What’s in your juice? Whether a glass of juice is being enjoyed as a morning beverage or provided as a means of nutrition to a child, it is important to understand exactly what is in the juice.
The FDA requires that manufacturers state the identity of the product on the front label — such as apple juice or lemonade — if it indeed has a common name. The FDA also requires that the percentage of juice as well as the amount derived from concentrate are included. While some beverages are 100-percent pure juice, a product can be marketed as 100-percent juice with other additives so long as the other ingredients do not dilute the volume of the juice.
Some common ingredients in juices are carboxymethyl cellulose, sodium hexametaphosphate, sodium benzoate and potassium sorbate.
Carboxymethyl cellulose, often referred to as cellulose gum, is a carbohydrate derived from plant cell walls and is not dangerous, according to the FDA.
Sodium hexametaphosphate is a texturizer used in many foods and beverages that while generally safe can affect kidneys, bones and the heart without the balance of other minerals, according to BeFoodSmart.com.
Sodium benzoate is a common preservative that is quickly broken down by the liver.
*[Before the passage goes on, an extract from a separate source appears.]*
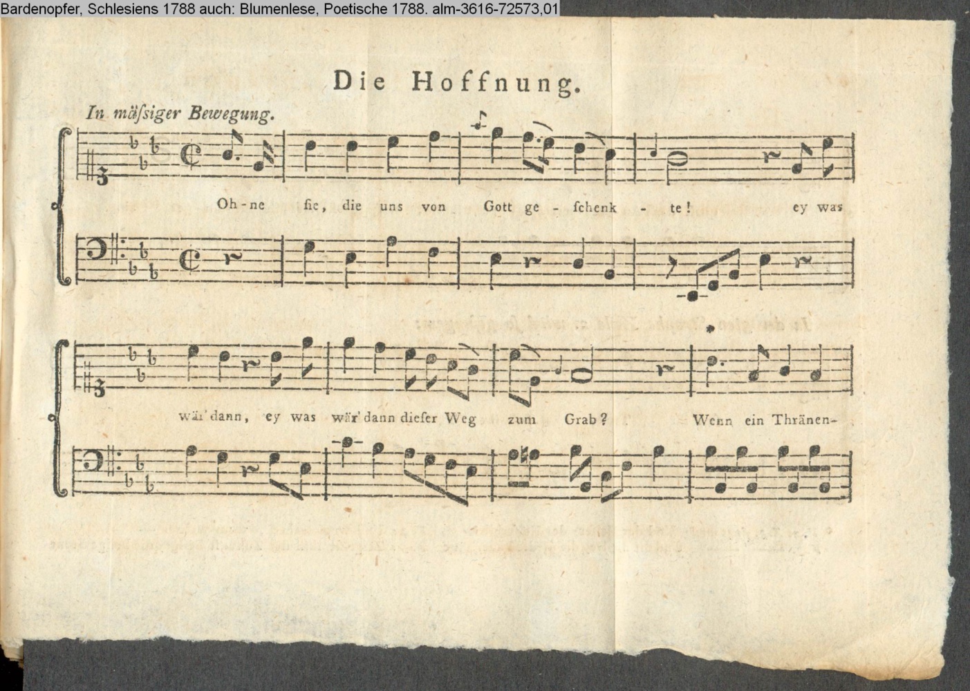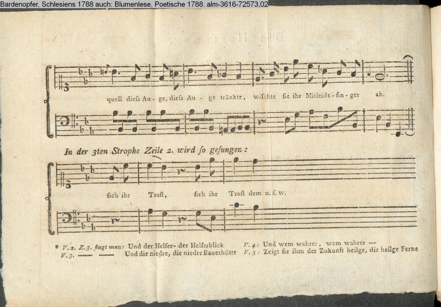 Bardenopfer, Schlesiens 1788; auch: Blumenlese, Poetische 1788, S. 78

Some people are allergic to the additive, and it can also be a trigger for children with ADHD, according to Environmental Health Perspectives.
Potassium sorbate is one of the more dangerous additives in foods and beverages. Its primary use is to prevent mold and fungi, though recent studies show that large quantities of the substance can damage white blood cells, cause mutations or lead to cancer.